Омут - Шестаков Павел Александрович 20 стр.


— А Самойлович? Он тоже хочет мне добра?.

— Почему вы спросили о Самойловиче?

— Недавно мы говорили с ним и не поняли друг друга. Вот вам и кровь. Нет, в кровь я не верю, как вы не верите в мировую революцию. Я верю в братство людей и в классовую борьбу.

— Как можно совместить братство и борьбу?

— По законам диалектики. Это наука.

— Мне чужда наука, оправдывающая вражду.

Что он мог ответить Гросману? Еще в детстве Наум не понимал, почему всемогущий бог разделил людей между своими пророками и они, поклоняясь кто Христу, кто Моисею, кто Магомету, так охотно поднимают руку друг на друга. Потом он увидел, что от вражды не защищены ни стан единоверцев, ни даже сердца родных. Он сам убедился в этом, когда ушел в революцию, не оправдав надежд семьи. Его дед выстаивал с лотком на улице под солнцем и снегом, отец был уважаемым бухгалтером, а сына прочили в солидные коммерсанты. Маркс открыл ему глаза, и темный мир вражды и бедствий оказался вдруг ярко высвечен всепроникающим светом единственно верной теории.

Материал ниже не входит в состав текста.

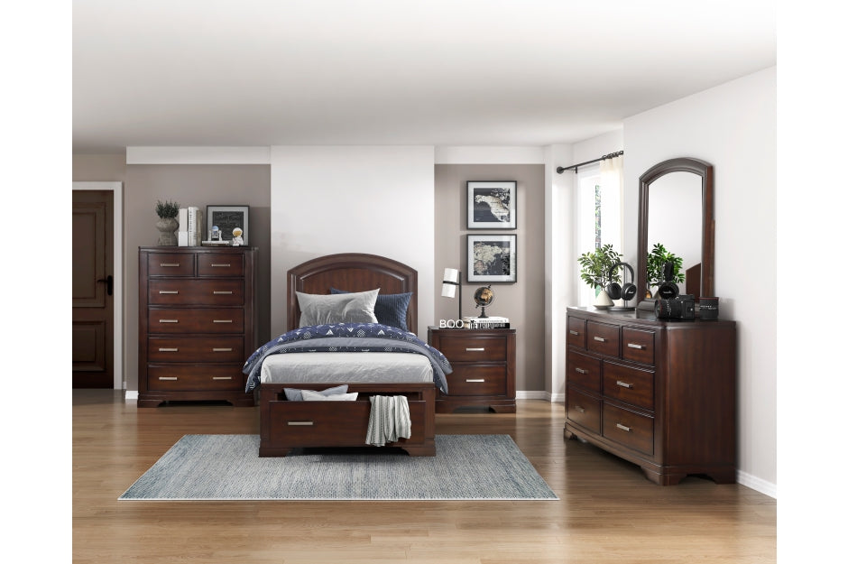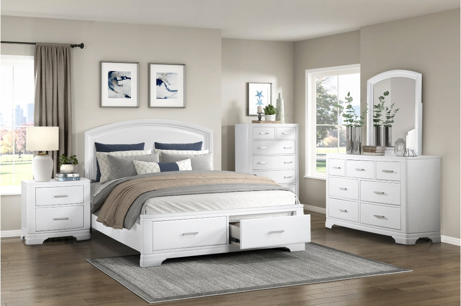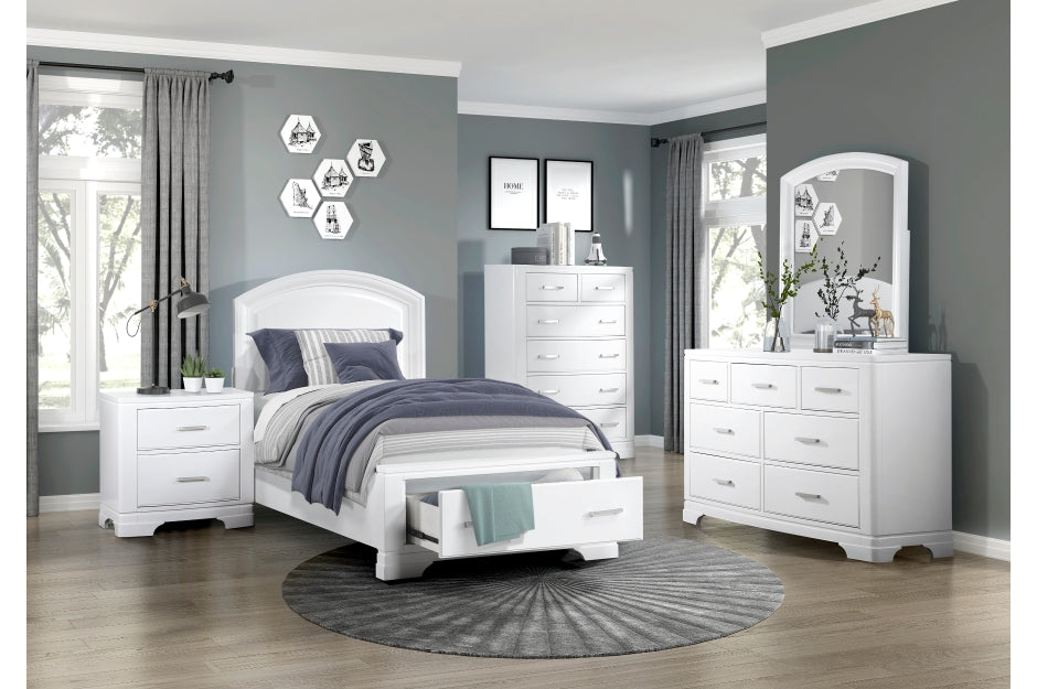 The Hudson Collection combines modern and transitional styles, available in cherry or white finishes. It features polished chrome handles on the dresser, chest, nightstand, and bed footboard drawers. The bed’s curved headboard design is echoed in the mirror’s top rail, adding a cohesive touch to your bedroom.

Но для Гросмана светил другой маяк.

— Тысячи сынов нашего немногочисленного народа уже сложили головы в этой вражде, которую вы называете классовой борьбой. Неужели вы не видите, что наш народ не может позволить себе такие жертвы?

— Это жертвы всего человечества.

— Я не могу думать обо всем человечестве, — повысил голос Гросман. — Меня волнует судьба только одного народа, давшего мне жизнь.

Они остановились. Один высокий, в пенсне, другой приземистый, в очках. Остановились посреди улицы, и тени их. — длинная и короткая — угрожающе сдвинулись.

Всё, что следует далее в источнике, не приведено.